Moving up from its eleventh-place ranking last year, Toyota has made a significant jump to reach the top spot for 2011, earning a points rating of 64.19. But it’s the company nipping at Toyota’s heels that has really made a quantum jump. Climbing up the green ladder from 90th place in 2010, 3M takes out second spot in the 2011 list with a points rating of 63.33. Siemens takes out third place with 63.08, Johnson & Johnson fourth with 59.41 and HP rounds out the top five with 59.06.

Adidas, which is busy trying to put a stop to the cheap supply of All Blacks jersey’s from the US, ranks 23rd on the list in spite of groups like Oxfam accusing the company of paying some of its factory workers in Asia as little as 60 cents per hour. The company is listed on both the FTSE4Good Index and the Dow Jones Sustainability Index.

According to the report, the strongest green brands consistently differentiate themselves and engage in green activities that consumers find relevant, as well as implement profitable green practices across their organisation, from setting and executing environmental programs to effectively measuring and reporting their performance to the public.

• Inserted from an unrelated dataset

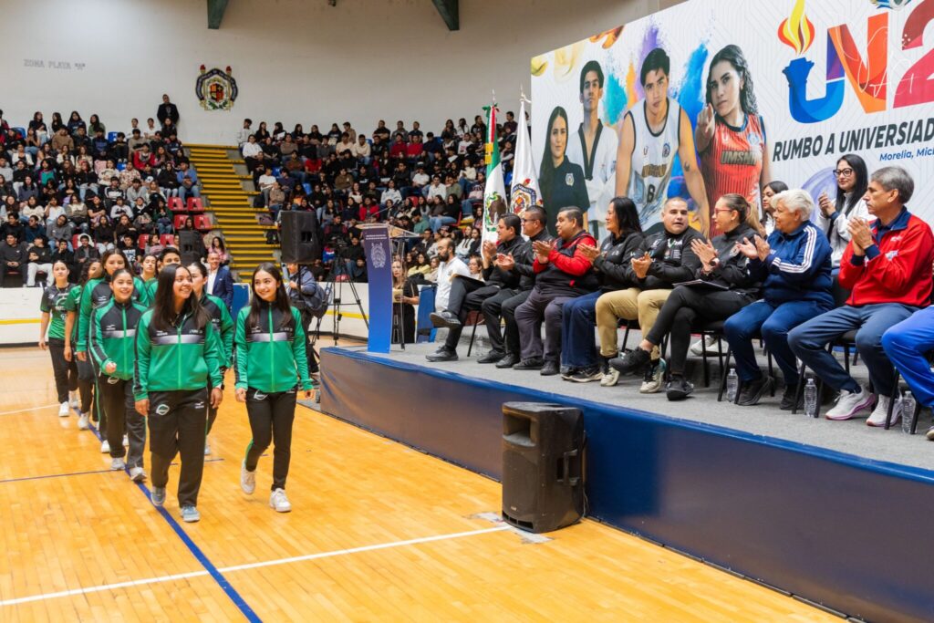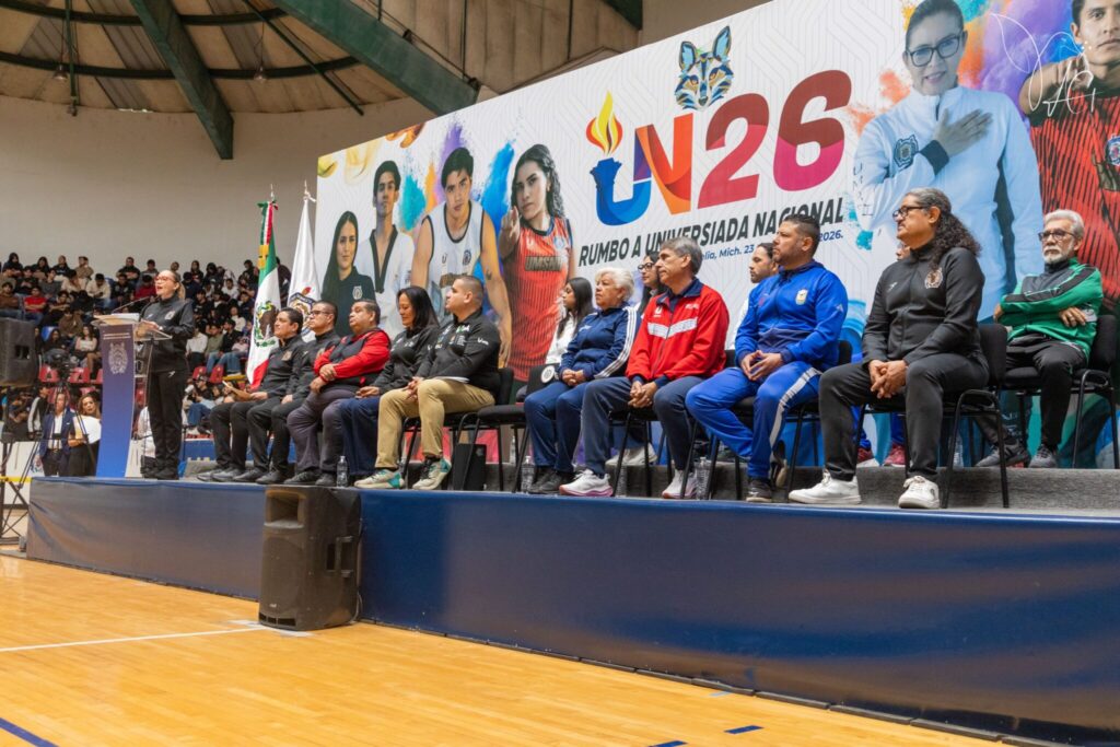 Morelia, Michoacán, a 23 de marzo de 2026.- El talento gana juegos, pero el trabajo en equipo gana campeonatos, señaló la rectora de la Universidad Michoacana de San Nicolás de Hidalgo (UMSNH), Yarabí Ávila González, al inaugurar la etapa estatal de la Universiada 2026, en donde estuvo acompañada por el secretario General Ejecutivo del Consejo Nacional del Deporte de la Educación, A.C. (CONDEE), Manuel Alan Merodio Reza.

“As corporate citizenship increasingly becomes the norm, green initiatives may be among the most visible and easiest to claim and yet, can be the most challenging to deliver performance against,” says Jez Frampton, global chief executive at Interbrand. “We believe the strongest green brands lie at the intersection of performance and perception: their ability to build stronger connections with consumers as a result of actionable and credible environmental practices.”

A number of brands, including L’Oréal, Nokia, and HSBC, all scored significantly higher in performance than perception.

L’Oréal for example has a gap of 22.68. According to the report, L’Oréal should focus on communicating its strong performance beyond just its stakeholders – particularly its efficient energy and water consumption and emphasis on fair trade. Similarly, Nokia could be using its green activities to create meaningful connections with customers, as it continues to struggle with finding relevance in an increasingly competitive market. HSBC, which has no green branding to rally its efforts in climate change despite its good work in the area, could focus on the same.

On the flip side, consumers seemed to hold in high environmental esteem brands like McDonald’s, GE, and Coca-Cola, in spite of the fact their actual performance isn’t that great. The big gap in perception and performance for these brands, which are closer to the top of Interbrand’s Best Global Brands list, suggests these brands enjoy the positive impact of being a well-known, powerful brand, with green perception matching general perception overall.

And it seems even using the colour green is enough to convince some naïve consumers. The study suggests that McDonald’s use of the colour green has given consumers the perception that it is focusing more on environmental sustainability than reality.

Elsewhere, the automotive industry and electronics category lead the way not only in their ability to implement sustainable practices across their organisation, but also in their ability to communicate their efforts effectively to the public.

Other key insights from the report include:

Transparency and performance

It is important to note the central role that transparency plays in the table. Whereas some brands, like L’Oréal, are completely transparent about their work around environmental sustainability (which is one contribution to their high performance score), others, like Coca-Cola and Google, withhold a great deal of information (which may have impacted their performance score negatively). So, why do some companies opt for full transparency, while others continue to keep some of their work in this area to themselves?

In the case of L’Oréal, full transparency is likely a move to appease stakeholders. At the same time, however, it would serve the brand well to take the next step and communicate beyond just stakeholders to consumers too.

In the case of Coca-Cola and Google, which withhold a great deal about their performance, the goal may be to maintain a competitive advantage. Coca-Cola and Google are both innovating tremendously around environmental sustainability and reducing overhead considerably as a result. Sharing this knowledge would mean that competitors could potentially make the same corrections and see the same advantages. Indeed, Heinz’s move to license Coca-Cola’s plant bottle technology and Ford’s move to partner with Google on a prediction API to enhance hybrid efficiency may suggest that their work in this area is likely perceived as a valuable commodity by other brands.

Environmental sustainability: perception scores by country

Interestingly enough, Interbrand’s perception analysis reveals that expectations of brands in China are quite high. Indeed, brands received high scores green perception scores from this region. Closely following is India. Then Spain, Italy, the U.S., France, the U.K., and Germany. This pattern suggests that where green is a part of everyday life – for example, Germany, where green is regulated and mandated by the government and deeply ingrained in its citizens’ lifestyles – brands have more to live up to in terms of environmental sustainability. Conversely, in countries where green is a relatively new practice – China and India – consumers tend to rate brands higher in terms of green activity, as it activities in this area are less expected.

Environmental sustainability: perception scores by sector

As a whole, automotive brands received fairly high perception scores in comparison to their performance scores. This is likely because the automotive industry has been active in brand building in this area, showcasing hybrid models and additional products. Meanwhile, on average, electronics brands tend to score lower in perception than they do in performance, which suggests that they need to focus more on showcasing their green work.


In formulating its top 50 list, Interbrand conducted an evaluation of each brand’s consumer perceptions. Consumers in the 10 largest markets— US, Japan, China, Germany, France, UK, Italy, Brazil, Spain, and India—were asked how green impacts their purchase decisions and their overall understanding and awareness of the brand’s green activities as a whole.

Deloitte was also brought on board to develop an environmental sustainability performance methodology based on publicly available data as an input to Interbrand’s overall scoring methodology. The finalised score is a combined metric taken from both a perception and performance calculation. Taken together, the resulting difference or gap between these two scores represents the potential misalignment between brand performance and consumer perception.